We have a saying at Pinterest HQ: Put Pinners first. The people who use Pinterest are the first thing we think of as we build our product. The same goes for the photography we use to represent our brand. We’re inspired by real Pinners and their passions and wonderful eccentricities.
Who we show
Show actual Pinners, not models: When possible, our photos should feature real people who really use Pinterest. We might show them in the middle of creative flow, or a work in progress mess. Or maybe we'll show them proudly showing off something they made, inspired by an idea they found on Pinterest.
Show a diversity of ages, genders, ethnicities and sizes: Pinterest is a tool for anyone to discover and do what they love. Our photography reflects the incredible range of all the people who use the service.
Show the kind of people you’d like to talk to at a party: The people we photograph look like they live life fully, and love who they are. They’re appealing, and not necessarily "conventionally" attractive.

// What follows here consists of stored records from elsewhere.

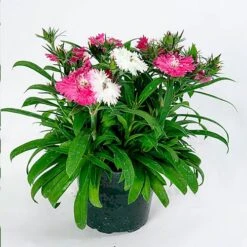 Dianthus Sugar n’ Spice is an herbaceous perennial offering 4 seasons of interest. Blooming continually from spring to fall, this evergreen plant sets masses of huge, highly serrated blooms. The fringy flowers put on a spectacular tri-color show. Borne in clusters of 3 to 4 and held aloft lush foliage on sturdy stems, the flirty, spice-scented flowers attract bees and butterflies to the garden and make excellent, long-lasting additions to fresh floral bouquets.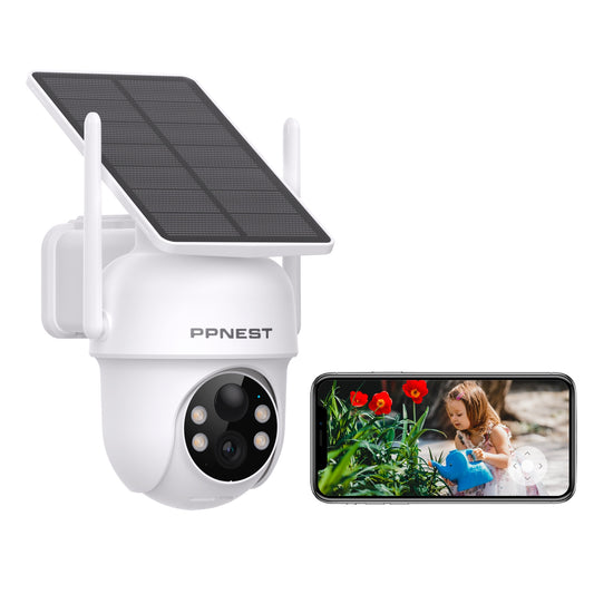 Solar Security Camera Outdoor Wireless, 2.4GHz WiFi Cameras for Home Surveillance with Fixed Solar Panel, Battery Powered 360°PTZ, PIR Motion Detection, 2K Color Night Vision, Human Auto Tracking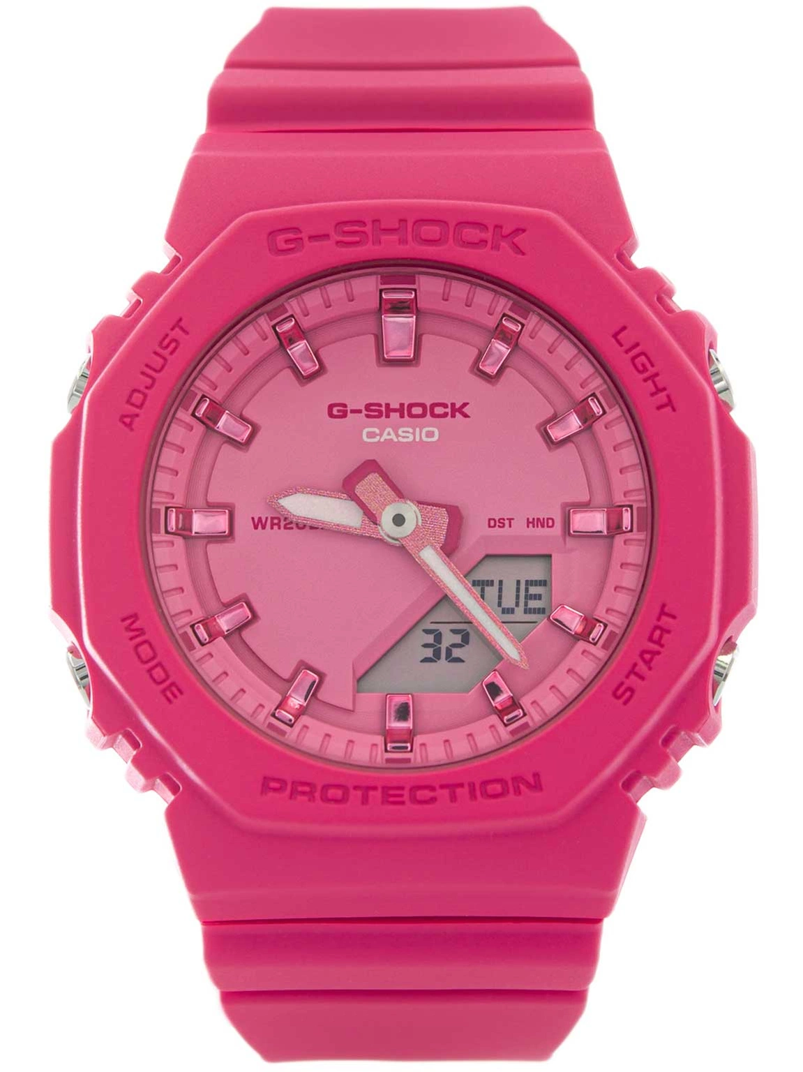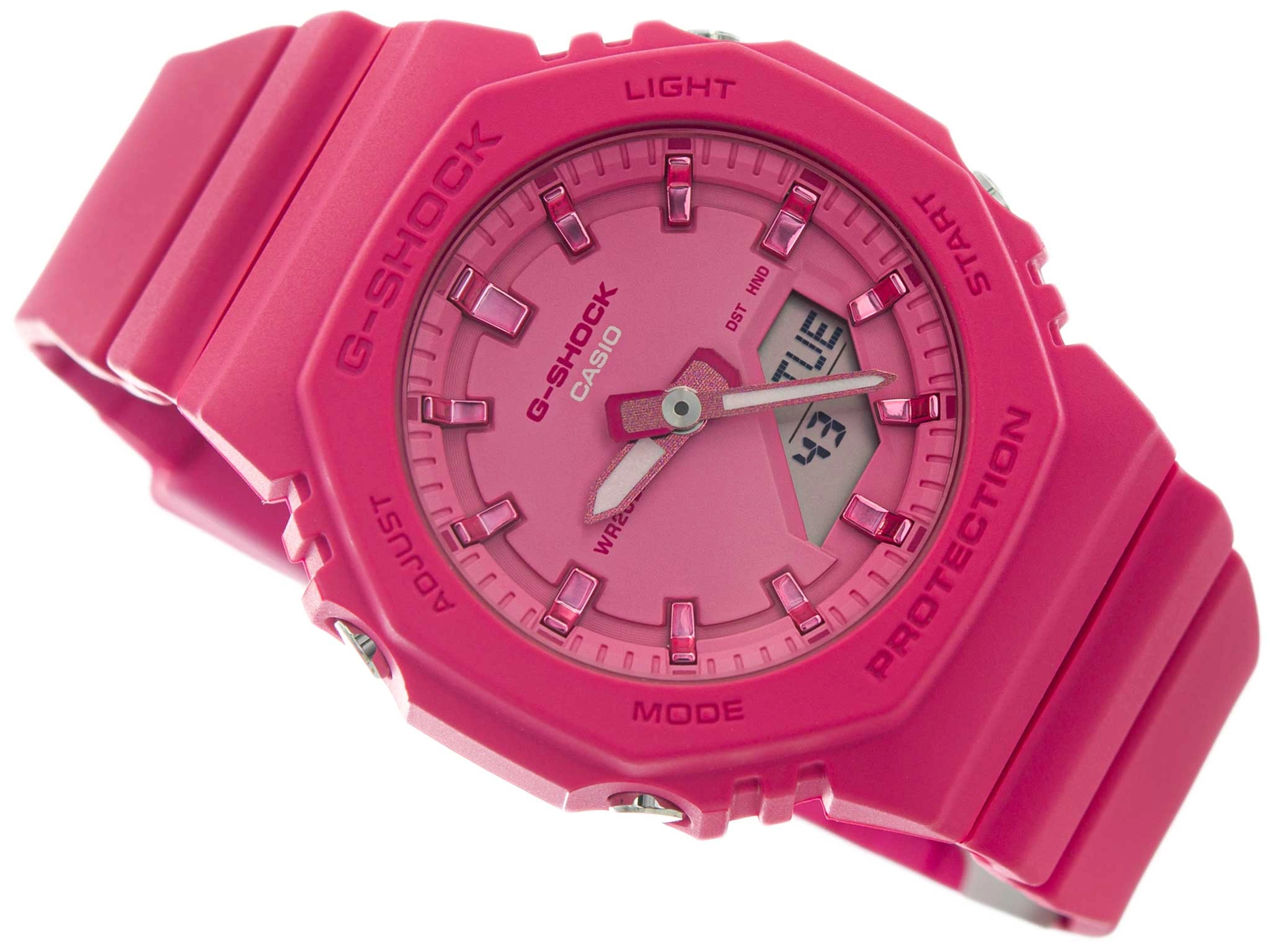 - Wodoszczelny Zegarek Damski Casio G-SHOCK GMA-P2100PP 4A różowy na pasku, posiada funkcje takie jak stoper i datownik.

Show people in their own spaces or with their own stuff: Ideally we catch Pinners in whatever setting they feel most creative, surrounded by the things that inspire them. Staged studio environments can also work, though it helps when subjects are wearing their own clothes, doing things that let their distinct personalities shine through.
How we show them
Show images that feel like a friend took them: We don’t want anything that feels stock or like it came out of a magazine. Shoot from eye level or below, and fairly close-in. This makes things feel more casual and intimate. Eye contact and authentic expressions help a lot, too.
Show breezy, casual compositions: Images should feel like captured moments, and be full of rich detail. Shoot for a mix of both asymmetrical and symmetrical shots. Asymmetry gives a more dynamic, unstaged look, and leaves us with room to add text later on. Symmetry honors the Pinner by putting them “front and center.”
Use subtle filters and slight film grain. Some judicious post-processing can help images feel more like a memory and less like a photograph.
Stuff to avoid
Please don’t show people with inauthentic expressions. We’ve found that keeping the size of the photo crew to a minimum and spending time getting to know the Pinner can help get images that feel more authentic. We don’t want to overwhelm or exhaust our subjects.
Don’t use slick photography tricks. Avoid tack sharp or pixel-perfect images, sun flares, bokeh, HDR, short depth of field, wide angle distortion, tilt-shift or other stylized choices that give off the feel of a professional photo shoot.
Don’t show intimidating perfection. The settings and people you photograph should never look overly polished, or impossibly perfect.